* SOURCE MATERIAL *
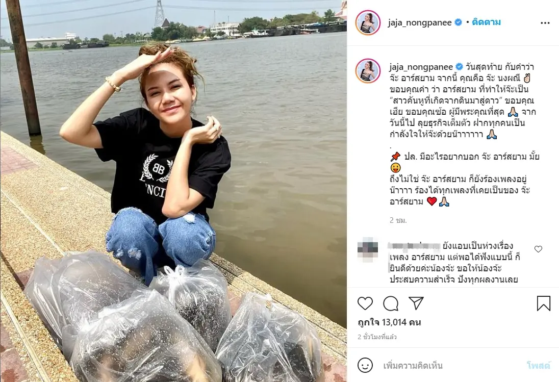 “วันสุดท้าย กับคำว่า จ๊ะ อาร์สยาม จากนี้ คุณคือ จ๊ะ นงผณี ✌? ขอบคุณคำ ว่า อาร์สยาม ที่ทำให้จ๊ะเป็น “สาวคันหูที่เกิดจากดินมาสู่ดาว” ขอบคุณเฮีย ขอบคุณซ้อ ผู้มีพระคุณที่สุด ?? จากวันนี้ไป ลุยธุรกิจเต็มตัว ฝากทุกคนเป็นกำลังใจให้จ๊ะด้วยน๊าาาาาา ??
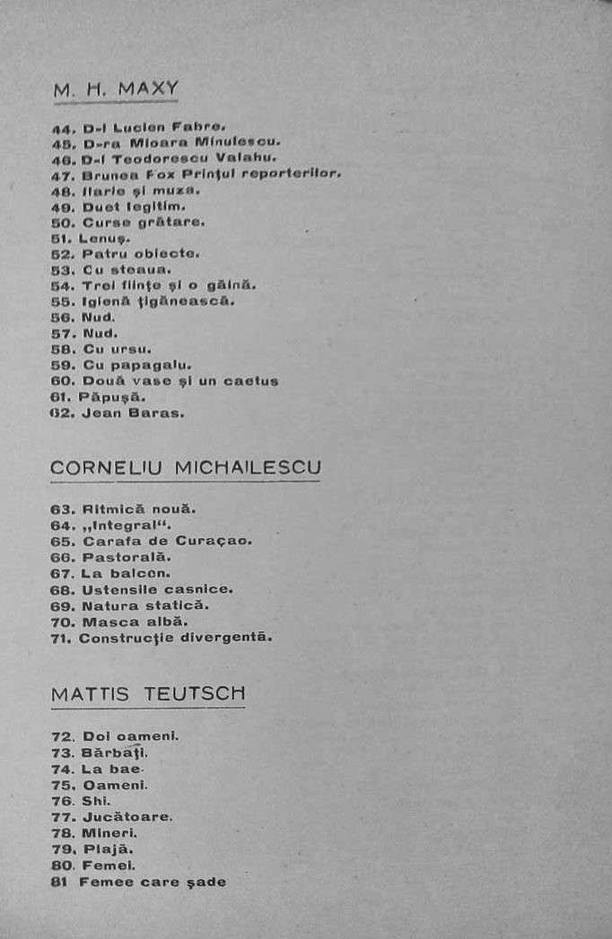 Numit în 1927 director artistic al al Academiei artelor decorative, M.H. Maxy va exprima o nestăvilită dorință de a impulsiona activitatea instituției și de a stabili un contact cât mai direct cu publicul, inițiind numeroase manifestări plastice. Rezultatul va fi deschiderea unor expoziții de scurtă durată, în cadrul cărora artistul va organiza mai multe expoziții, printre care și expozițiile „Grupului de artă nouă”, la care se alăturau artiștii din jurul revistei „Contimporanul”, precum și alți invitați. Primele manifestări ale Grupului de „Artă Nouă” aveau loc în anul 1927 (13 februarie – 15 martie, Sala Librăriei „Haseffer”, Str. Karagheorghevici), sub egida revistei avangardiste „Contimporanul”, având ca primi expozanți pe artiștii Marcel Iancu, Milița Petrașcu și Alexandru Brătășianu. Doi ani mai târziu, în 1929, grupul avea să se extindă, alături de primii trei expozanți alăturându-se acum și Max Heman Maxy, Corneliu Mihăilescu, Mattis Teutsch și Victor Brauner. Deschisă la 1 aprilie, noua expoziție se desfășura de această dată în sălile Academiei de artă decorativă (Str. Câmpineanu 17), instituție condusă de Maxy. Ultima manifestare expozițională a grupului avea loc între 25 ianuarie – 8 februarie 1932, la Sala Ileana (Cartea Românească), expoziție ce aduna laolaltă, sub aceleași țeluri, artiști ca: Henry Daniel, Merica Râmniceanu, Michaela Eleutheriade, Lucia Demetriade-Bălăcescu, Margareta Sterian, Olga Greceanu, Nina Arbore, Claudia Millian, Lucreția Popp sau Tania Șeptelici. Deși dizolvat în 1932, datorită ostilității publicului și a criticii, grupul avea să își afle continuitatea un an mai târziu, pe aceleași poziții artistice și sub aceleași colaborări, sub formula eclectică „Criterion”. Printre subiectele picturii sale din această perioadă se regăsesc și cele inspirate din viața claselor de jos, ilustrate de artist în opere precum: „Cu ursu”, „Curse”, „Cu papagalul”, „Țărănci spălându-se” ș.a., pe care le compune cubist, fără a renunța la culoare - care primește o nouă valoare. (G.M.)
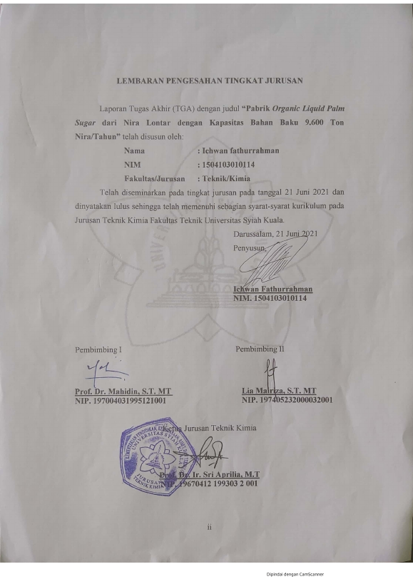 Baca Juga : PRARANCANGAN PABIK ORGANIC LIQUID PALM SUGAR DARI NIRA LONTAR DENGAN KAPASITAS BAHAN BAKU 9.600 TON NIRA/TAHUN (Muhammad Furqan, 2022)
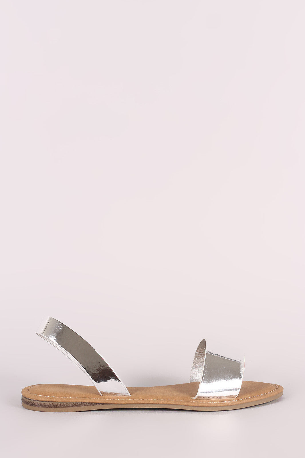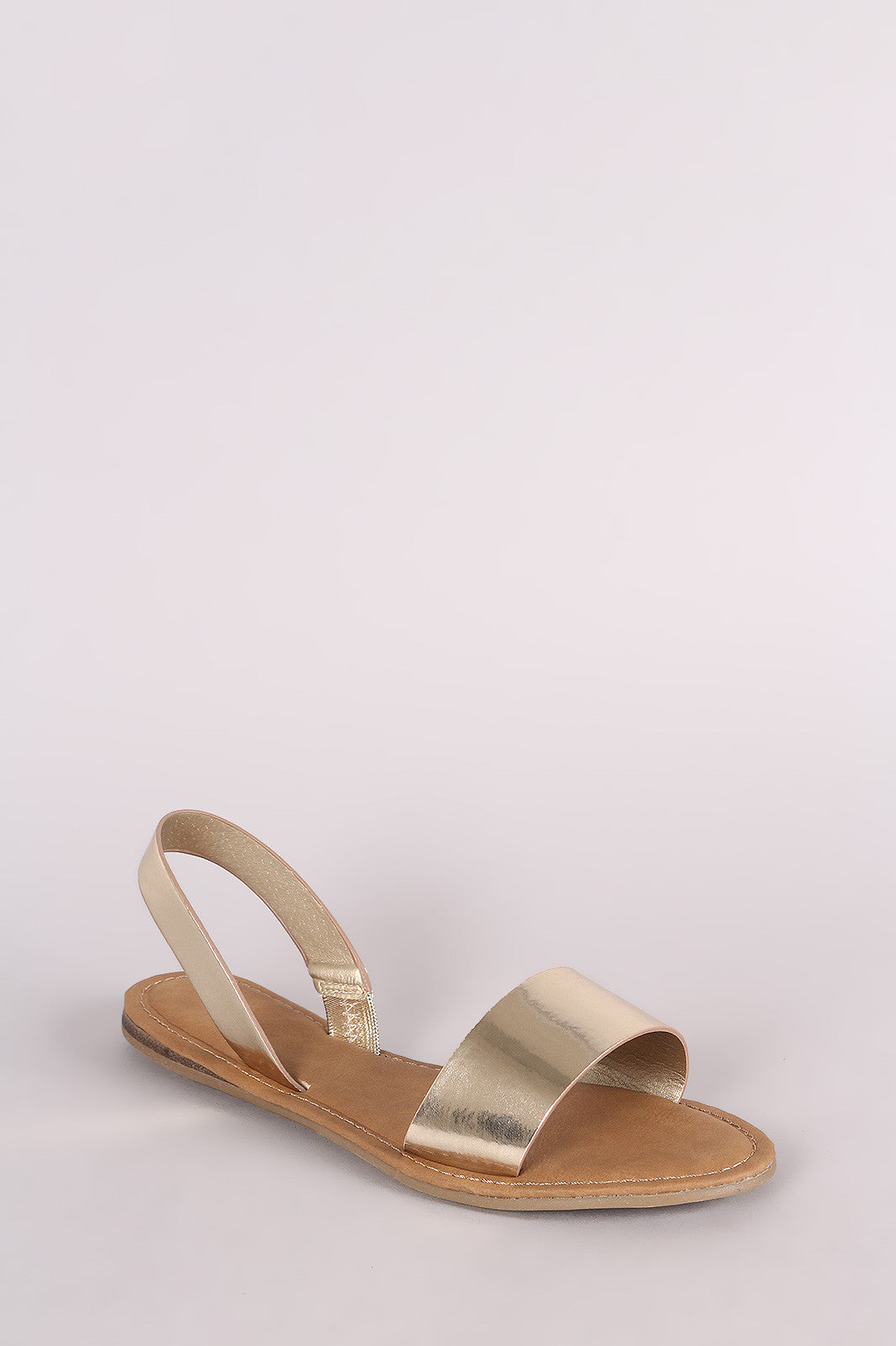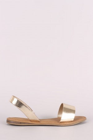 Bamboo Metallic Open Toe Slingback Flat Sandal

* TASK *
Please repeat all of the data exactly as it stands, leaving the pictures out.

* EXERCISE RESULT *
 “วันสุดท้าย กับคำว่า จ๊ะ อาร์สยาม จากนี้ คุณคือ จ๊ะ นงผณี ✌? ขอบคุณคำ ว่า อาร์สยาม ที่ทำให้จ๊ะเป็น “สาวคันหูที่เกิดจากดินมาสู่ดาว” ขอบคุณเฮีย ขอบคุณซ้อ ผู้มีพระคุณที่สุด ?? จากวันนี้ไป ลุยธุรกิจเต็มตัว ฝากทุกคนเป็นกำลังใจให้จ๊ะด้วยน๊าาาาาา ??
 Numit în 1927 director artistic al al Academiei artelor decorative, M.H. Maxy va exprima o nestăvilită dorință de a impulsiona activitatea instituției și de a stabili un contact cât mai direct cu publicul, inițiind numeroase manifestări plastice. Rezultatul va fi deschiderea unor expoziții de scurtă durată, în cadrul cărora artistul va organiza mai multe expoziții, printre care și expozițiile „Grupului de artă nouă”, la care se alăturau artiștii din jurul revistei „Contimporanul”, precum și alți invitați. Primele manifestări ale Grupului de „Artă Nouă” aveau loc în anul 1927 (13 februarie – 15 martie, Sala Librăriei „Haseffer”, Str. Karagheorghevici), sub egida revistei avangardiste „Contimporanul”, având ca primi expozanți pe artiștii Marcel Iancu, Milița Petrașcu și Alexandru Brătășianu. Doi ani mai târziu, în 1929, grupul avea să se extindă, alături de primii trei expozanți alăturându-se acum și Max Heman Maxy, Corneliu Mihăilescu, Mattis Teutsch și Victor Brauner. Deschisă la 1 aprilie, noua expoziție se desfășura de această dată în sălile Academiei de artă decorativă (Str. Câmpineanu 17), instituție condusă de Maxy. Ultima manifestare expozițională a grupului avea loc între 25 ianuarie – 8 februarie 1932, la Sala Ileana (Cartea Românească), expoziție ce aduna laolaltă, sub aceleași țeluri, artiști ca: Henry Daniel, Merica Râmniceanu, Michaela Eleutheriade, Lucia Demetriade-Bălăcescu, Margareta Sterian, Olga Greceanu, Nina Arbore, Claudia Millian, Lucreția Popp sau Tania Șeptelici. Deși dizolvat în 1932, datorită ostilității publicului și a criticii, grupul avea să își afle continuitatea un an mai târziu, pe aceleași poziții artistice și sub aceleași colaborări, sub formula eclectică „Criterion”. Printre subiectele picturii sale din această perioadă se regăsesc și cele inspirate din viața claselor de jos, ilustrate de artist în opere precum: „Cu ursu”, „Curse”, „Cu papagalul”, „Țărănci spălându-se” ș.a., pe care le compune cubist, fără a renunța la culoare - care primește o nouă valoare. (G.M.)
 Baca Juga : PRARANCANGAN PABIK ORGANIC LIQUID PALM SUGAR DARI NIRA LONTAR DENGAN KAPASITAS BAHAN BAKU 9.600 TON NIRA/TAHUN (Muhammad Furqan, 2022)
 Bamboo Metallic Open Toe Slingback Flat Sandal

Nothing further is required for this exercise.